Find Three Mutual Friends in a Mathematical Society

166 Views Asked by At

I am having trouble with the following combinatorics/graph theory problem:

A mathematical society has three divisions (Pure, Applied, and Statistics), and exactly $n$ mathematicians in each division. Every mathematician has at least $n+1$ friends outside of their division. Prove there exist three mathematicians, one in each division, who are all friends.

This was a problem after the chapter about the Extreme Value Principle, which involves using the fact that every finite set of numbers has a minimum and maximum. Of course, there are lots of potential ways to apply this ("consider the mathematician with the most friends...", or "consider the longest chain of mathematicians, each friends with the next..."), but all the ways I've tried have been fruitless.

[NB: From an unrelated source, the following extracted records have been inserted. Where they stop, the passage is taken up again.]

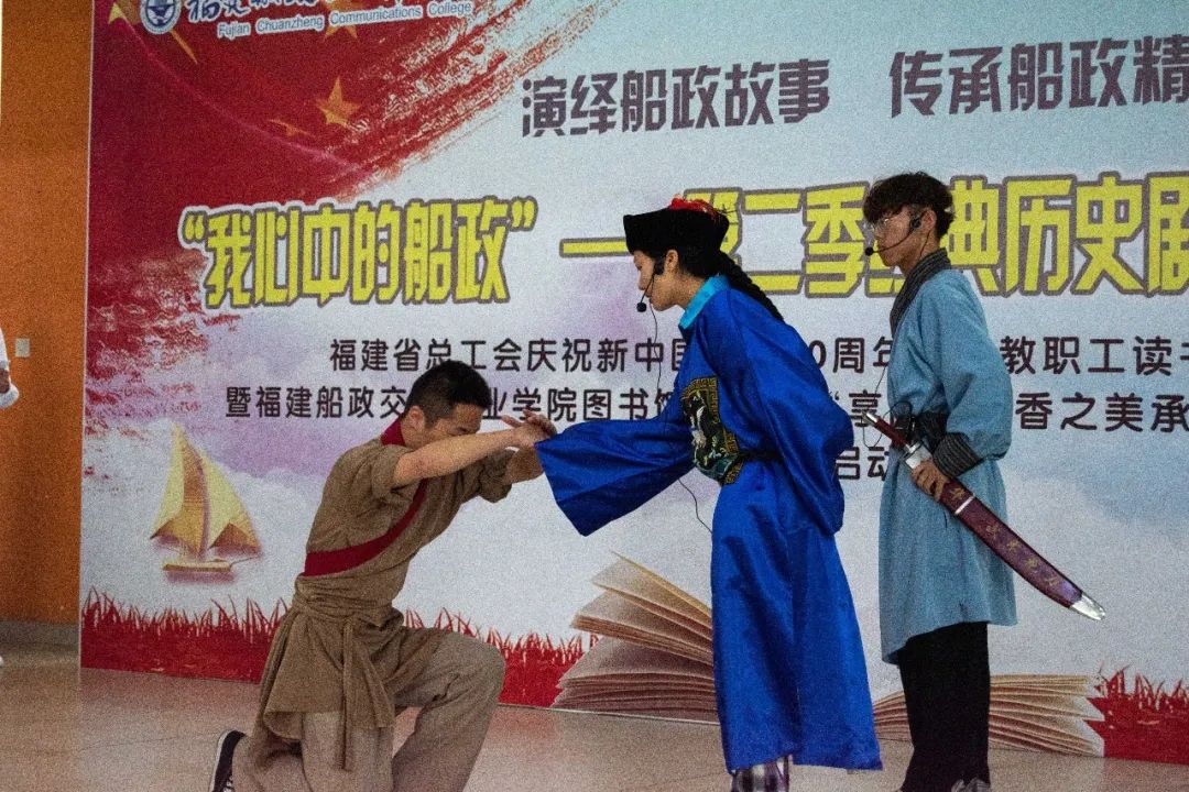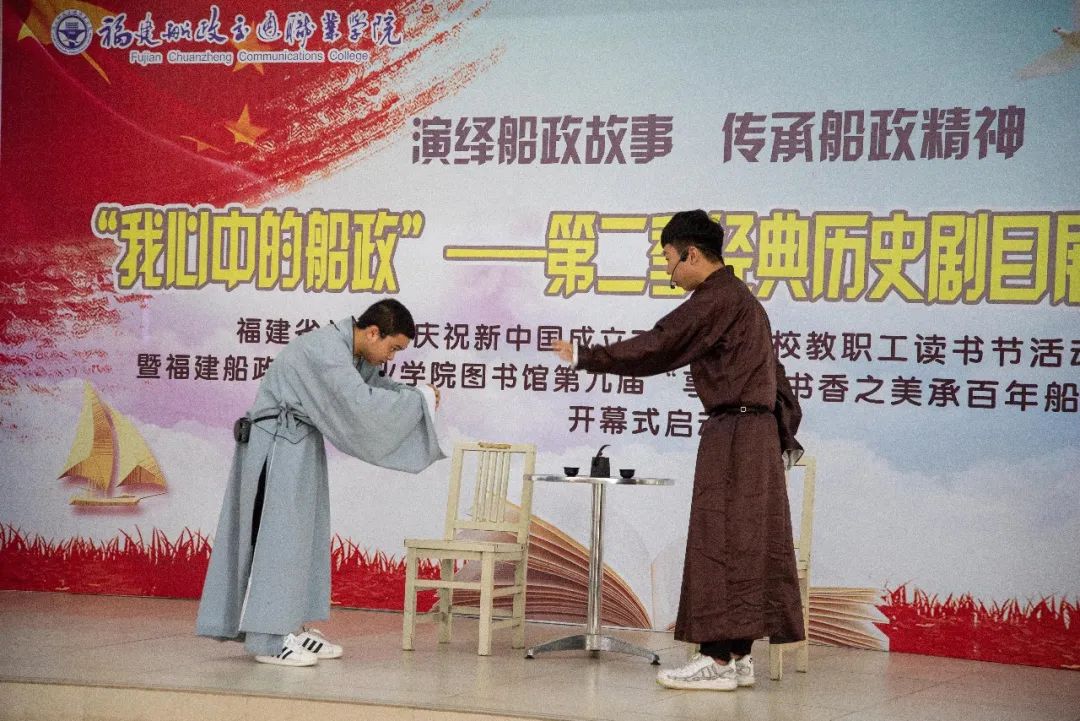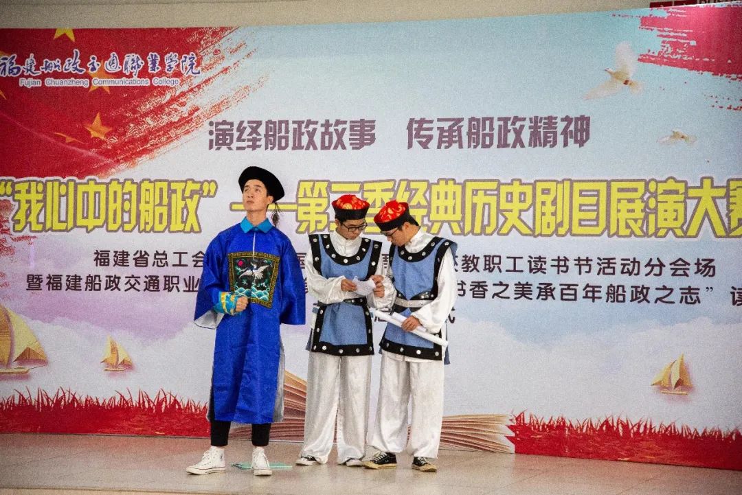 為深入宣傳船政文化,提升我館閱讀推廣活動(dòng)育人功能,圖書館于近日在我校開展“傳承百年紅色基因 品閱書香船政文化”圖書館第十一屆讀書月系列活動(dòng)暨“我心中的船政”第三季經(jīng)典歷史劇目展演比賽。
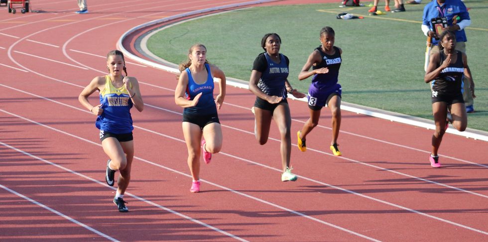 Freshman Ava Segalla won her preliminary 100-meter heat with a time of 13.01 seconds and qualified for the finals. She placed fifth in the 100-meter championship race at 13.05 seconds and also qualified for the state opens.
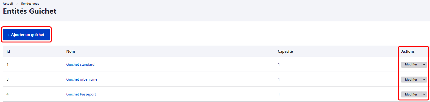 - Pour modifier ou supprimer un guichet, cliquez sur celui-ci ou sur "Modifier".

There is some sort of clever insight needed to solve this problem that I am missing. I would appreciate any hints in the right direction.

1

There are 1 best solutions below

1
On BEST ANSWER

Denote the divisions by $D_1,D_2,D_3$. Consider the mathematician $v\in D_1$ with the greatest difference between the number of friends in each division. Call this difference $k$. Denote the friends of $v$ in $D_2$ by $A$, and his friends in $D_3$ by $B$. WLOG let $|A|\geq|B|$. Then $|A| = \frac{n+1+k}{2}$ and $|B| = \frac{n+1-k}{2}$.

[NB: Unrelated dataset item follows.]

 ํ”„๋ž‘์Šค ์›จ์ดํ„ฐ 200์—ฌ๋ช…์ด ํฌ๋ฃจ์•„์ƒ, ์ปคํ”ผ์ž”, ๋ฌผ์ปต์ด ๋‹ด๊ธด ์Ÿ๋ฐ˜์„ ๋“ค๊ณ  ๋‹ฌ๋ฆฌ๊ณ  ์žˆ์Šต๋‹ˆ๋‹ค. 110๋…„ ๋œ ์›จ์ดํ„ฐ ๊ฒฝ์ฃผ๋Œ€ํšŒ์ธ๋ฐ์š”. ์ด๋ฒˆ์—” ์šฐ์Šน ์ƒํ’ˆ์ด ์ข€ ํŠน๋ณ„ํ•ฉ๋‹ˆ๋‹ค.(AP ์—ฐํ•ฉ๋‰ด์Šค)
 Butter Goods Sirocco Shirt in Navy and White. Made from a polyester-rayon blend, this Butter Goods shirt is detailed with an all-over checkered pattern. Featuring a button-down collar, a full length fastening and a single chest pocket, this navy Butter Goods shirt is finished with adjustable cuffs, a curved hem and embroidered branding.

Let $u$ be in $B$. Denote the friends of $u$ in $D_2$ by $C$. By the maximality of $k$, the number of friends of $u$ in either division must be between $|B|$ and $|A|$ since the total number of friends is a constant $n+1$. In particular, $|B|\leq|C|\leq|A|$, so $|C| + |A| \geq n+1$. This means that $|A\cap C|\geq 1$. Let $w$ be in $A\cap C$, then $u, v, w$ is the required group of friends.